[Data provided Boundary: Start]

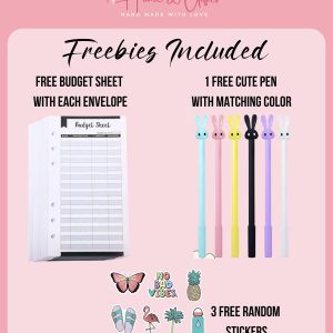-Freebies: 3 random free stickers, 1 cute pen, and a budget sheet for each cash envelope.
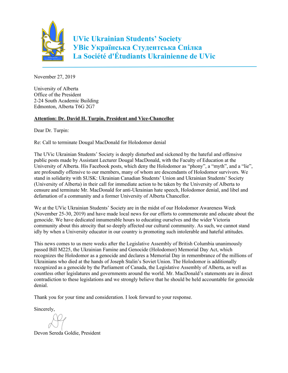 “We at the UVic Ukrainian Students’ Society are in the midst of our Holodomor Awareness Week (November 25-30, 2019) and have made local news for our efforts to commemorate and educate about the genocide,” reads the letter written by society president Devon Goldie.
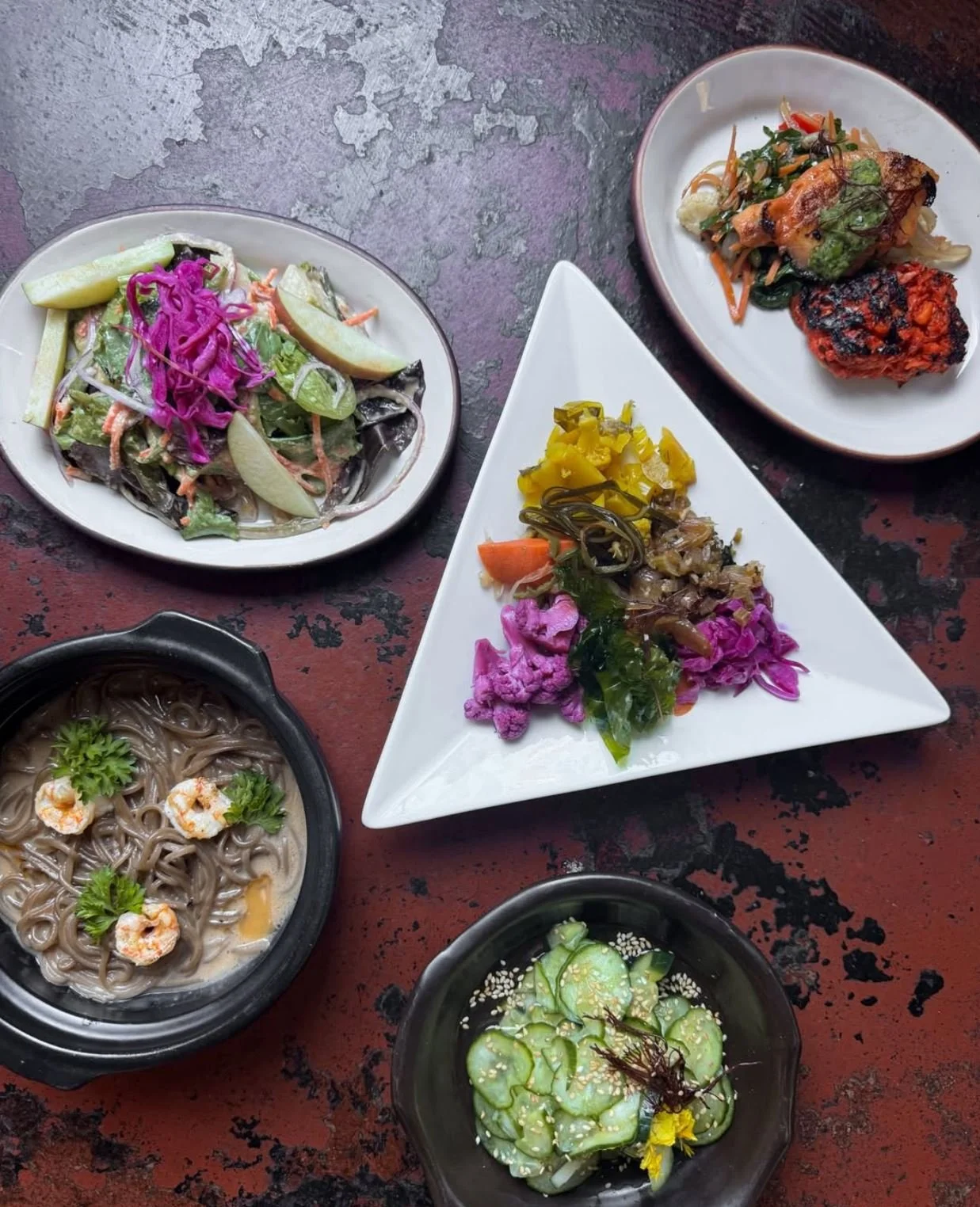 - sunomono, koji amazu- tsukemono- mixed greens, ginger miso- buckwheat noodles, lobster gravy, shrimp- sheepshead & kimchi with stir fry vegCome on in and get 'em, courtesy of Chef Davin Waite!

[Data provided Boundary: End]

#### Task to carry out:
The expected output is every line of the data, unchanged, with the pictures skipped.

#### Solution to this exercise:
-Freebies: 3 random free stickers, 1 cute pen, and a budget sheet for each cash envelope.
 “We at the UVic Ukrainian Students’ Society are in the midst of our Holodomor Awareness Week (November 25-30, 2019) and have made local news for our efforts to commemorate and educate about the genocide,” reads the letter written by society president Devon Goldie.
 - sunomono, koji amazu- tsukemono- mixed greens, ginger miso- buckwheat noodles, lobster gravy, shrimp- sheepshead & kimchi with stir fry vegCome on in and get 'em, courtesy of Chef Davin Waite!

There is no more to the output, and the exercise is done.